Some of the opcodes in TEAL are only valid for a specific contract type. These are denoted in the TEAL Opcodes documentation with a
Mode attribute. This attribute will be set to
Signature for stateless smart contracts and
Application for stateful smart contracts. For example, reading account assets or Algo balances is only available in stateful smart contracts. Using the
ed25519verify opcode for signature verification is only available in stateless smart contracts.
When writing smart contracts, make sure to follow TEAL guidelines. This is very important in order to prevent smart contracts from being compromised.
Currently Algorand supports version 1 and version 2 of TEAL. When writing TEAL Version 2 contracts make sure to add
#pragma version 2 as the first line of the program. If this line does not exists, the protocol will treat the contract as a version 1 contract. If upgrading a contract to version 2 it is important to verify you are checking the
RekeyTo property of all transactions that are attached to the contract. See the TEAL guidelines for more suggestions to help prevent a contract from being compromised.

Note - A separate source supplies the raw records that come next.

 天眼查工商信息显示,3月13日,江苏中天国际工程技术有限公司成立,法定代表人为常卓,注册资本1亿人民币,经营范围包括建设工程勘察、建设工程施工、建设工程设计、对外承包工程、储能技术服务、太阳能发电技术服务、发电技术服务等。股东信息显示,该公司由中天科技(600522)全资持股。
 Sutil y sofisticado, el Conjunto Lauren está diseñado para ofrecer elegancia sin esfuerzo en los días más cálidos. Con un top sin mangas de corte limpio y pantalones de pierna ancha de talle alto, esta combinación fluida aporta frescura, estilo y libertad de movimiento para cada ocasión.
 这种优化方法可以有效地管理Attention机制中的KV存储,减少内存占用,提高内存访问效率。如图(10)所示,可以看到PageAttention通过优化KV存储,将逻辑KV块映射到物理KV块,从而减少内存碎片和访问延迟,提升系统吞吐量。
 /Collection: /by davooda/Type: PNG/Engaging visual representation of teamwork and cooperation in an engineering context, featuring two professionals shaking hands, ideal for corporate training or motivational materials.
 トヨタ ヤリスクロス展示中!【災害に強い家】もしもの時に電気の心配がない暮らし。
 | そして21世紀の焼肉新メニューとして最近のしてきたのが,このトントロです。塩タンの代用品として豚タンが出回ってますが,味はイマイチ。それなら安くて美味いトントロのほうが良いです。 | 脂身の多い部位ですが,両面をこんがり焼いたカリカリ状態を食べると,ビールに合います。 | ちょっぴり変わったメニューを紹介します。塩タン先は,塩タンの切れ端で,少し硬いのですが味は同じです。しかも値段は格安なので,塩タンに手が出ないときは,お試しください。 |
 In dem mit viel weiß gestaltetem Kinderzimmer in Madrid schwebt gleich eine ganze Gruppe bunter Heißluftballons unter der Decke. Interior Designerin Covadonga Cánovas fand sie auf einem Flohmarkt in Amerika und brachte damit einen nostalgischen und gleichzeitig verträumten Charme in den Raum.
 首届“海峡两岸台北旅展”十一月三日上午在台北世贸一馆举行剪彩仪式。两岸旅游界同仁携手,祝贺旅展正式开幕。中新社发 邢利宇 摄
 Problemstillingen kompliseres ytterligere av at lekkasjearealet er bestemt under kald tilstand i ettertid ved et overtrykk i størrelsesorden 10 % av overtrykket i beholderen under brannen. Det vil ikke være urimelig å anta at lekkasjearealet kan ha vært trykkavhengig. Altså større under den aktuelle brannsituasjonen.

Getting Transaction Properties¶
The primary purpose of a TEAL program is to return either true or false. When the program completes if there is a non-zero value on the stack then it returns true and if a zero value or the stack is empty it will return false. If the stack has more than one value the program also returns false. The following diagram illustrates how the stack machine processes the program.
Program line number 1:
The program uses the
txn to reference the current transaction lists of properties. Grouped transaction properties are referenced using
gtxn. The number of transactions in a grouped transaction is available in the global variable
Group Size. To get the first transaction's receiver use
gtxn 0 Receiver. See TEAL Specification Reference for more transaction properties.
The TEAL specification provides several pseudo opcodes for convenience. For example, the second line in the program below uses the
addr pseudo opcode.
addr pseudo opcode converts Algorand addresses to a byte constant and pushes the result to the stack. See TEAL Specification Reference for additional pseudo opcodes.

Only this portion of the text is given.